Here’s a picture of my great grandparents John Henry Hattersley and Bertha Herrmann at Niagara Falls in 1910:

Photo of two well dressed people posing on rocks in front of Niagara falls

I’m presuming this is a real photograph and not staged with a backdrop or something, but I really don’t know. I think this was taken on Luna Island on the American Side.

I don’t know much of anything about them except that Bertha is the only non-English-origin great-grandparent of mine I’m aware of; I don’t remember my grandfather talking about them.  At one point I really got into tracking my family tree: I even discovered at one point that my lineage can be traced back to Boston Colony (via John Viall through my paternal grandmother’s father Clifford Viall Thomas). But I long ago stopped imagining that I was somehow learning about myself once I got to people beyond living memory.

It’s always bothered me when people say siblings share half of their genes. Similarly, people who can trace their decent to someone famous (Charlemagne, Jefferson) and seem to think this reflects well on their genes or something.  There are a few reasons this can’t be right, a few of which I think about in particular:

  1. We share 98.8% of our DNA with chimpanzees—we must share much more than that with our siblings!  In fact it seems that the “average pairwise diversity” of randomly selected strangers is around 0.1%.
  2. There is some level of discretization with DNA inheritance.  Obviously it can’t be at the base-pair or codon level, or else we wouldn’t be able to reliably inherit entire genes.  If the “chunks” we inherit from each parent are large enough, small number statistics will be push the number significantly from 50%.
  3. Mutations slowly change genes down lineages
  4. Combinations of genes and epigenetic factors have strong effects on traits

Point 2 is not something I really understand yet, except that talking to biologists I think the number of “chunks” that get passed down on each side is ~hundreds, but is also random making the problem quite tricky.  Still, ~hundreds means that we are probably close enough to ~50% inheritance from grandparents on each side (+/- 10% or less) that we can get a rough idea of how related we really are to people on our tree in terms of shared DNA.

So let’s take a closer good at point 1 above:

Let’s assume the amount of identical DNA we get from each ancestor is given by 2-n where n is the number of generations back they are (grandparents: n=2, so 25% inherited DNA, ignoring discrete “chunks” and mutations). This makes sense: except for (many) details like the X/Y chromosomes, mitochondria, and probably a bunch of other things, each ancestor a given number of generations back has an equal chance of having contributed a bit of DNA to you.

Finding the amount of shared inheritance is thus a matter of going back to the first shared ancestor and counting all of the shared ancestors at that level (which will be 1 in the case of for half siblings and 2 for full siblings, except for details coming later).

So cousins share 2/4 grandparents, each of whom had a 2-2 chance of contributing a bit of DNA, so they have 1/8 shared bits of DNA or around 12.5%.

Second cousins (the children of first cousins) share 2/8 grandparents, so the number is 6.25%. Each generation gap gives us a factor of 1/4: a factor of 2 from the extra opportunity on each line to “lose” that bit of DNA, one on each side.

Now we get into the fun of “removed cousins”, which just counts the generation gap between cousins.
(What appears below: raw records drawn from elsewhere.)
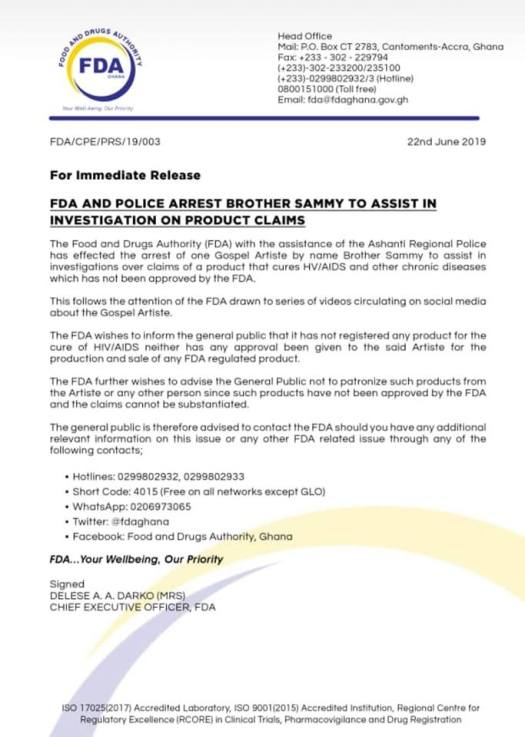 .“The FDA wishes to inform the general public that it has not registered any product for the cure of HIV/AIDS, neither has any approval been given to the said artiste for the production and sale of any FDA regulated product,” FDA said in the statement
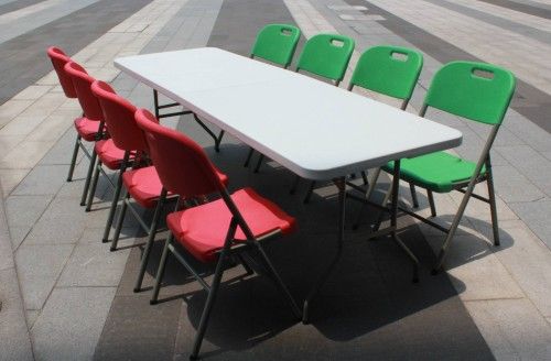2. Durable construction quality. 5cm thick granite white blow molded polyethelyne plastic table top, Steel tube legs,
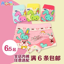 6条包邮 儿童短裤爱念女童内裤纯棉莱卡平角裤四角平脚底裤蕾丝兔
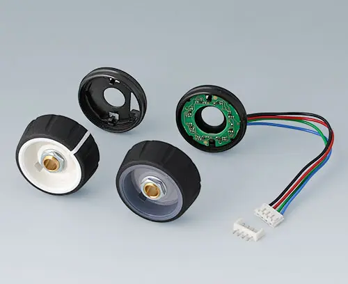 CONTROL-KNOBS 36, à éclairage optionnel Conception novatrice de bouton de commande à deux composants en matière plastique dur/doux : corpus de base du bouton translucide en dur, enrobé d’un matériau TPE doux, aspect fonctionnel à rainures.
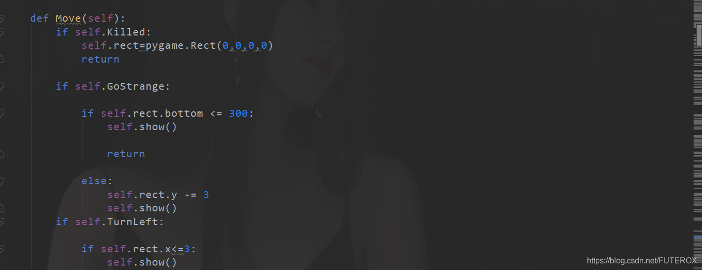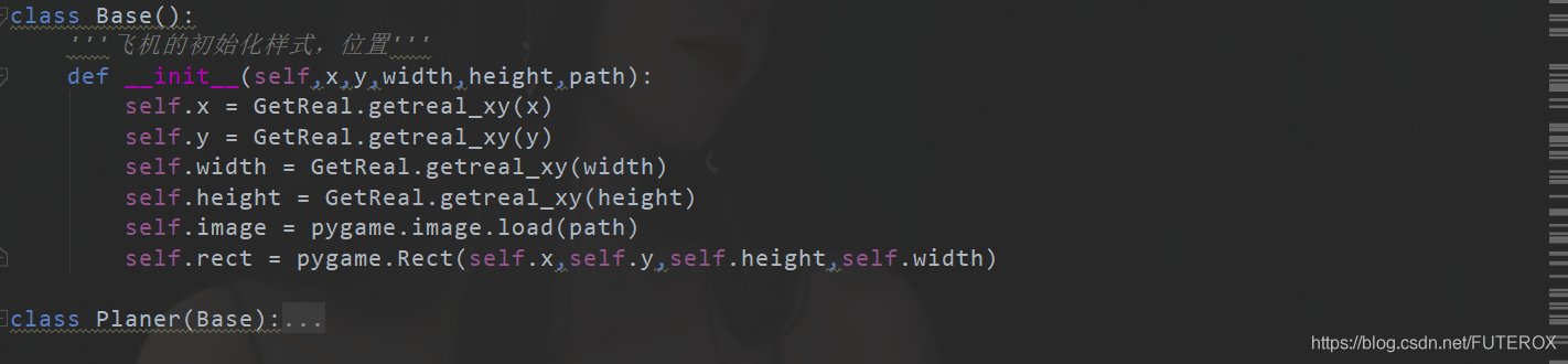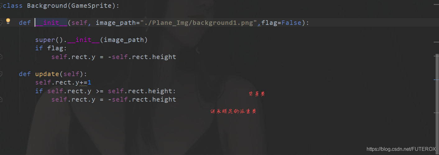 屏幕繪制直接使用pygame.display.set_mode()的bitl()繪制方法,進(jìn)行繪制。當(dāng)然這里的背景是會(huì)動(dòng)的。所以使用到了一個(gè)精靈的派生類。
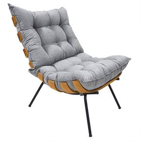 Poltrona Costela com Puff Decoração Sala de Estar Linho

You don’t usually get big numbers of “removals” among living people because it requires generations to happen much faster along one line than another—big numbers like “1st cousins 10 times removed” are usually only seen when relating people to their distant ancestors.

So my kids are my first cousins’ “first cousins once removed”, and all of their kids would be “second cousins once removed”. The rule is that if you have “c cousins r removed” (so c=2 r=1 means “second cousins once removed”) then you have to go back n=c+r+1 generations from the one and n=c+1 from the other to find the common ancestors.  So removals count the number of opportunities to “lose” a bit of DNA that occur on only one side of the tree.

Putting it all together: the amount of shared DNA we share with a cousin is 2-(2c+r+1) (siblings have c=r=0, subtract one from the exponent if the connection is via half siblings).

But there’s a limit: this only works if none of the other ancestors are related, but in the end we’re all related. If cousins have children, this increases the number of shared ancestors and raises the commonalities. And, of course, mutations work the other way, lowering the amount of identical bits.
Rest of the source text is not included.